Hinton told the New York Times that his “immediate concern is that the internet will be flooded with false photos, videos and text, and the average person will ‘not be able to know what is true anymore.’” Yesterday, I noted that so far, social-media users have been pretty good about spotting AI-generated images — those Midjourney AI images still don’t quite pass the uncanny-valley test — and when used in efforts at propaganda, they’re more likely to backfire.
But Hinton also worries about what happens when a military develops an advanced artificial intelligence and gives it the ability and authority to kill.
Down the road, he is worried that future versions of the technology pose a threat to humanity because they often learn unexpected behavior from the vast amounts of data they analyze. This becomes an issue, he said, as individuals and companies allow AI systems not only to generate their own computer code but actually run that code on their own. And he fears a day when truly autonomous weapons — those killer robots — become reality.
“The idea that this stuff could actually get smarter than people — a few people believed that,” he said. “But most people thought it was way off. And I thought it was way off. I thought it was 30 to 50 years or even longer away. Obviously, I no longer think that.”

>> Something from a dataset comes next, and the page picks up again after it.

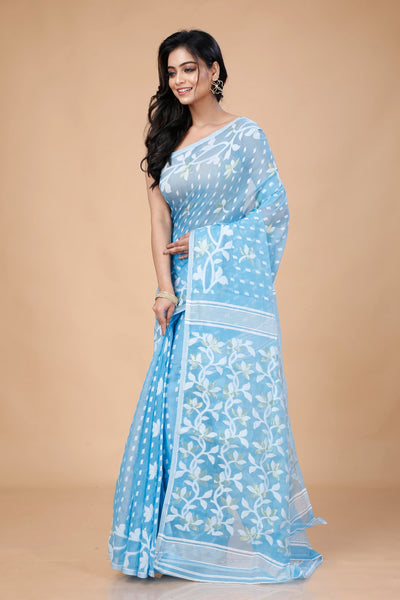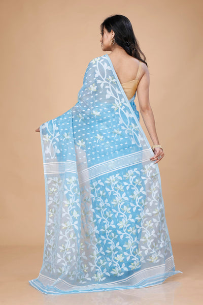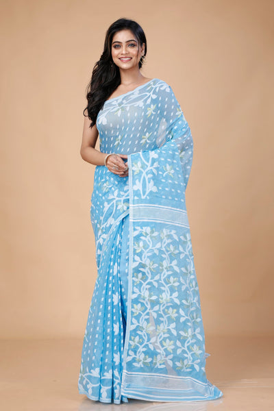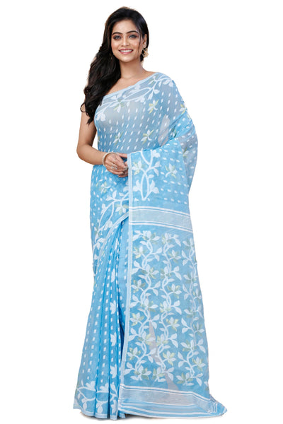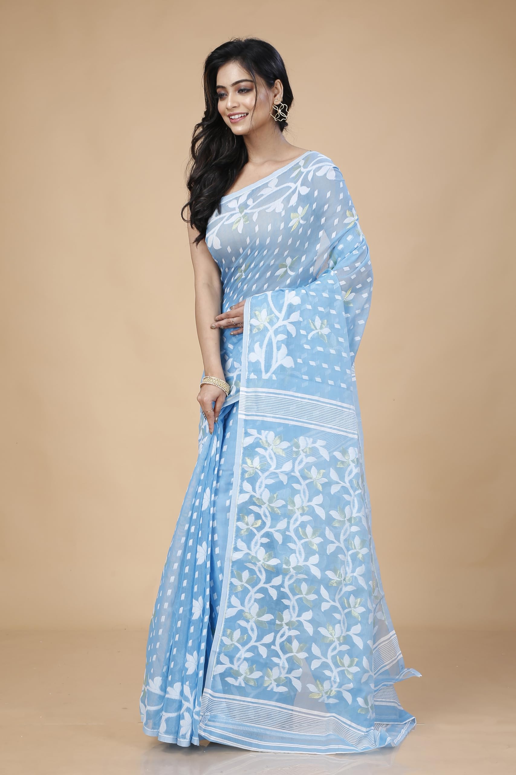 OISHANI SAREE GHOR Women's Traditional Bengal Cotton Silk Belpata Jamdani Saree (Sky Blue)

Oh, and bringing this full circle back to Wuhan, Senate Republicans released the results of their two-year investigation into the origins of Covid:
A careful reading of reports from the WIV spanning more than a three-year period yielded a picture of a struggling institution: underfunded, underregulated, and understaffed. WIV leadership complained that some portion of their overworked staff 6 was also poorly trained, while some reports revealed a work culture of laxity toward safety matters and described difficulties adapting to the work environment at their newly constructed facilities. Persistent problems popped up month after month in report after report, casting considerable doubt on the WIV’s claims of successful remedy. By their own admission, WIV researchers conducted experiments involving SARS-like coronaviruses, prone as they are to airborne transmission, in BSL-2 laboratory conditions with the relatively negligible protections required of researchers at that biosafety level. The WIV was almost an accident waiting to happen, and it appears that an accident, or perhaps accidents, did happen, and roughly concurrent with the initial outbreak of SARSCoV-2.
Beginning in late 2018 and building like a crescendo throughout the months of 2019 that preceded the initial outbreak in Wuhan, a series of reports from the WIV indicated that inspections had identified “hidden dangers,” “shortcomings,” “nonconforming items,” and various biosafety “problems” that were described alternatively as “foundational,” “critical,” and even “urgent.” CCP cadres spoke of a rough start for the WIV’s new BSL4 laboratory complex in which they suffered from “no equipment and technology standards, no design and construction teams, and no experience operating or maintaining [a lab of this caliber].” In late July 2019, WIV leaders warned of “urgent problems we are currently facing,” and by November, they “pointed to the severe consequences that could result from hidden safety dangers.”
But hey, I’m sure the Chinese state-sponsored research and experiments in the military applications of artificial intelligence are a lot more careful.
AH: I don't believe the release of the China virus, from China or wherever it actually originated, was an accident.